Half-Precision Inference¶

By default, vLLM uses Flash Attention, which only supports float16 and bfloat16 but not float32. vLLM does not optimize inference performance for float32.

The throughput using float16 is approximately four times that of float32. ST: using sentence transformers backend vLLM: using vLLM backend X-axis: Throughput (request/s) Y-axis: Latency, Time needed for one step (ms) <- logarithmic scale The curve lower right is better ↘

Note

Format	Bits	Exponent	Fraction
float32	32	8	23
float16	16	5	10
bfloat16	16	8	7

If the model weights are stored in float32:

VLLM uses float16 for inference by default to inference a float32 model, it will keep numerical precision in most cases, for it have retains relatively more Fraction bits. However, due to the smaller Exponent part (only 5 bits), some models (e.g., the Gemma family) may risk producing NaN. VLLM maintains a list models that may cause NaN values and uses bfloat16 for inference by default.
Using bfloat16 for inference avoids NaN risks because its Exponent part matches float32 with 8 bits. However, with only 7 Fraction bits, numerical precision decreases noticeably.
Using float32 for inference incurs no precision loss but is about four times slower than float16/bfloat16.

If model weights are stored in float16 or bfloat16, vLLM defaults to using the original dtype for inference.

Quantization: With the advancement of open-source large models, fine-tuning of larger models for tasks like embedding and reranking is increasing. Exploring quantization methods to accelerate inference and reduce GPU memory usage may become necessary.

Unpadding¶

By default, Sentence Transformers (st) pads all inputs in a batch to the length of the longest one, which is undoubtedly very inefficient. VLLM avoids padding entirely during inference.

X-axis: Throughput (request/s) ST: using sentence transformers vLLM: using vLLM Y-axis: Latency, Time needed for one step (ms) <- logarithmic scale The curve lower right is better ↘

Sentence Transformers (st) suffers a noticeable drop in speed when handling requests with varied input lengths, whereas vLLM does not.

Others¶

For models using bidirectional attention, such as BERT, VLLM offers a range of performance optimizations:

Optimized CUDA kernels, including FlashAttention and FlashInfer integration
CUDA Graphs and torch.compile support to reduce overhead and accelerate execution
Support for tensor, pipeline, data, and expert parallelism for distributed inference
Multiple quantization schemes—GPTQ, AWQ, AutoRound, INT4, INT8, and FP8—for efficient deployment
Continuous batching of incoming requests to maximize throughput

For causal attention models, such as the Qwen3 reranker, the following optimizations are also applicable:

Efficient KV cache memory management via PagedAttention
Chunked prefill for improved memory handling during long-context processing
Prefix caching to accelerate repeated prompt processing

vLLM’s optimizations are primarily designed for and most effective with causal language models (generative models).

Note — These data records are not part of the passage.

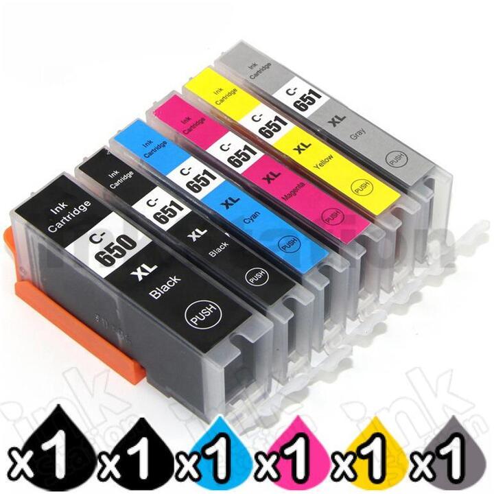 6 Pack Canon PGI-650XL CLI-651XL Compatible High Yield Inkjet Cartridges [1BK,1PBK,1C,1M,1Y,1GY]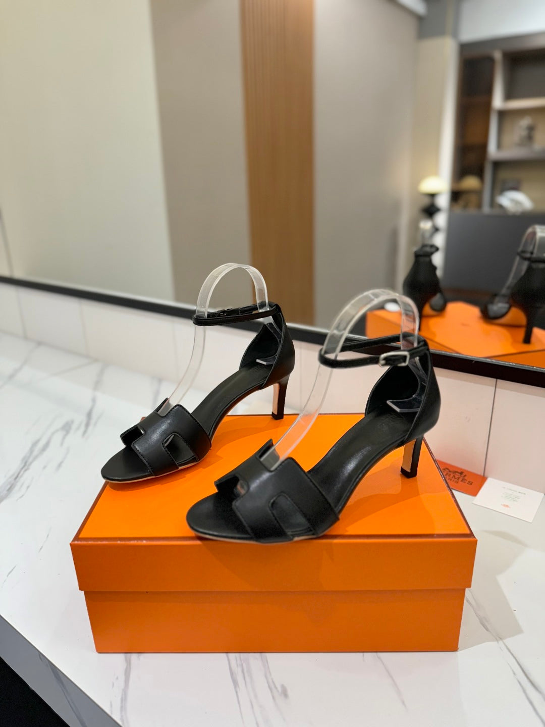 HM Joy 65mm Heeled Sandals Black Flat Cowhide 294926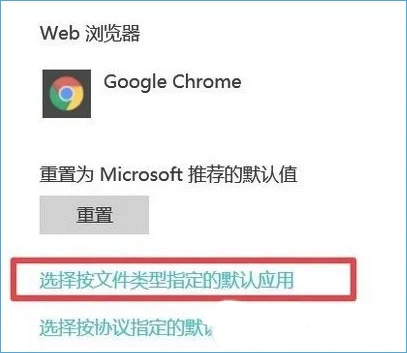 5、在右侧拉到最下面,点击“选择按文件类型指定的默认应用”;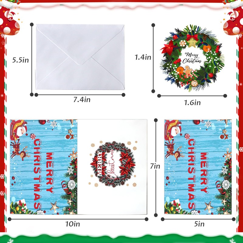 - VALUE PACKAGE: Our Christmas cards set includes 32pcs unique design greeting cards, 35pcs white envelopes and 36pcs Christmas stickers to seal the envelopes, all packaged in a storage box; These Christmas cards with envelopes and stickers are perfect gifts to express your love and wishes to your families and friends on Christmas!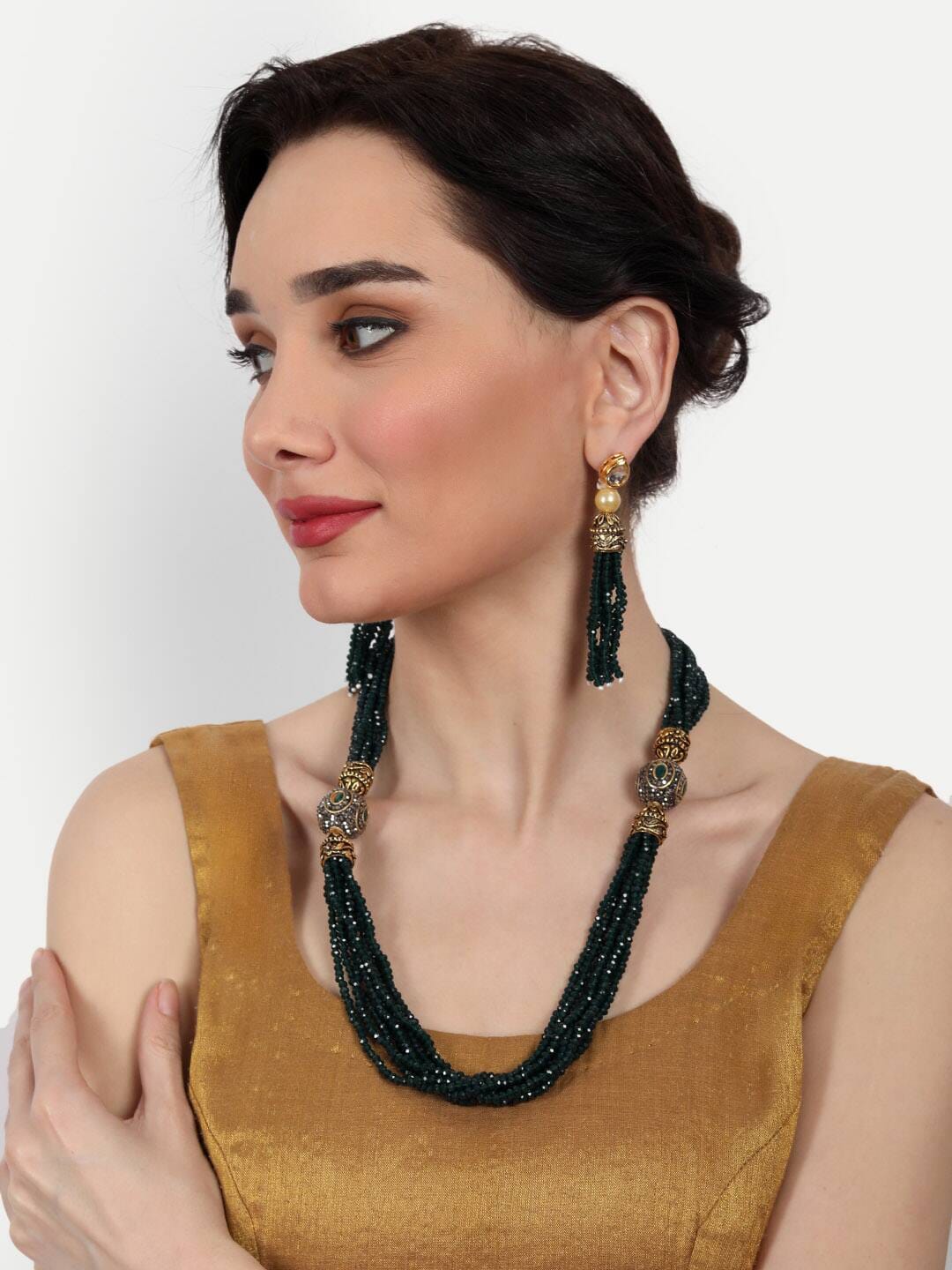 Gold-Plated Sparkling Jaipuri Beads Necklace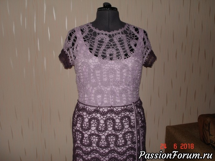 Доброго всем вечера! Сегодня закончила льняное платье. Несмотря на то, что брюгге не кажется мне сложным вязанием, это платье почему-то тяжело мне далось. Не очень люблю комбинированные вещи, но пряжи каждого цвета было недостаточно для полноценного изделия, поэтому пришлось изощряться. Вязала ленты, для расширения постепенно добавляя ряды в фестонах. Соединяла между собой уже готовые ленты, хотя нормальные люди соединяют ленты в процессе вязания. Потом были мытарства с чехлами. Первоначально сшила чехол из светло-сиреневого тонкого атласа. Не понравилось. Сегодня срочно побежала искать подкладочную ткань темно-сливового цвета. Удалось найти только шифон. В шитье эта ткань ведет себя очень нехорошо, но я его-таки домучила. С темным чехлом мне понравилось больше, но вот теперь думаю, что нужно бы сделать его подлиннее.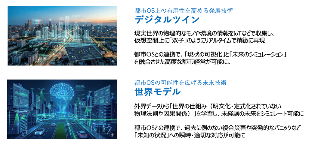 さらに、FIWAREなどの都市OSの有用性を高める発展技術があります。「デジタルツイン」と、「世界モデル」です。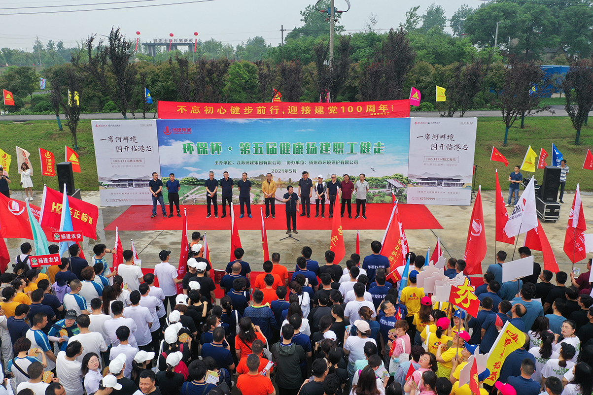 揚建網訊 5月15日上午,集團黨委組織組織開展了以“不忘初心,健步前行”為主題的“環保杯”職工健走活動,喜迎建黨100周年。本次活動在揚州觀月湖揚建現代農業園隆重舉行,集團工會、團委協辦,來自總部和基層單位的1223名員工參加;其中,泰州、無錫、上海、海南、深圳、珠海、北方公司分別在當地組織員工同步開展了健走活動。集團理事會主席曹德榮等在揚領導參加了開幕式及健走活動。

For the full list of features, refer to the vllm documentation.

API Reference¶

`mteb.models.vllm_wrapper.VllmWrapperBase` ¶

Wrapper for vllm serving engine.

Source code in mteb/models/vllm_wrapper.py

class VllmWrapperBase:
    """Wrapper for vllm serving engine."""

    convert = "auto"
    mteb_model_meta: ModelMeta | None = None

    def __init__(
        self,
        model: str | ModelMeta,
        revision: str | None = None,
        *,
        trust_remote_code: bool = True,
        dtype: Dtype = "auto",
        head_dtype: Literal["model"] | Dtype | None = None,
        max_model_len: int | None = None,
        max_num_batched_tokens: int | None = None,
        max_num_seqs: int = 128,
        tensor_parallel_size: int = 1,
        enable_prefix_caching: bool | None = None,
        gpu_memory_utilization: float = 0.9,
        hf_overrides: dict[str, Any] | None = None,
        pooler_config: PoolerConfig | None = None,
        enforce_eager: bool = False,
        **kwargs: Any,
    ):
        """Wrapper for vllm serving engine.

        Args:
            model: model name string.
            revision: The revision of the model to use.
            trust_remote_code: Whether to trust remote code execution when loading the model.
                Should be True for models with custom code.
            dtype: Data type for model weights. "auto" will automatically select appropriate
                dtype based on hardware and model capabilities. vllm uses flash attention by
                default, which does not support fp32. Therefore, it defaults to using fp16 for
                inference on fp32 models. Testing has shown a relatively small drop in accuracy.
                You can manually opt for fp32, but inference speed will be very slow.
            head_dtype: "head" refers to the last Linear layer(s) of an LLMs, such as the score
                or classifier in a classification model. Uses fp32 for the head by default to
                gain extra precision.
            max_model_len: Maximum sequence length (context window) supported by the model.
                If None, uses the model's default maximum length.
            max_num_batched_tokens: Maximum number of tokens to process in a single batch.
                If None, automatically determined.
            max_num_seqs: Maximum number of sequences to process concurrently.
            tensor_parallel_size: Number of GPUs for tensor parallelism.
            enable_prefix_caching: Whether to enable KV cache sharing for common prompt prefixes.
                If None, uses the model's default setting.
            gpu_memory_utilization: Target GPU memory utilization ratio (0.0 to 1.0).
            hf_overrides: Dictionary mapping Hugging Face configuration keys to override values.
            pooler_config: Controls the behavior of output pooling in pooling models.
            enforce_eager: Whether to disable CUDA graph optimization and use eager execution.
            **kwargs: Additional arguments to pass to the vllm serving engine model.
        """
        requires_package(
            self,
            "vllm",
            "Wrapper for vllm serving engine",
            install_instruction="pip install mteb[vllm]",
        )

        os.environ["VLLM_WORKER_MULTIPROC_METHOD"] = "spawn"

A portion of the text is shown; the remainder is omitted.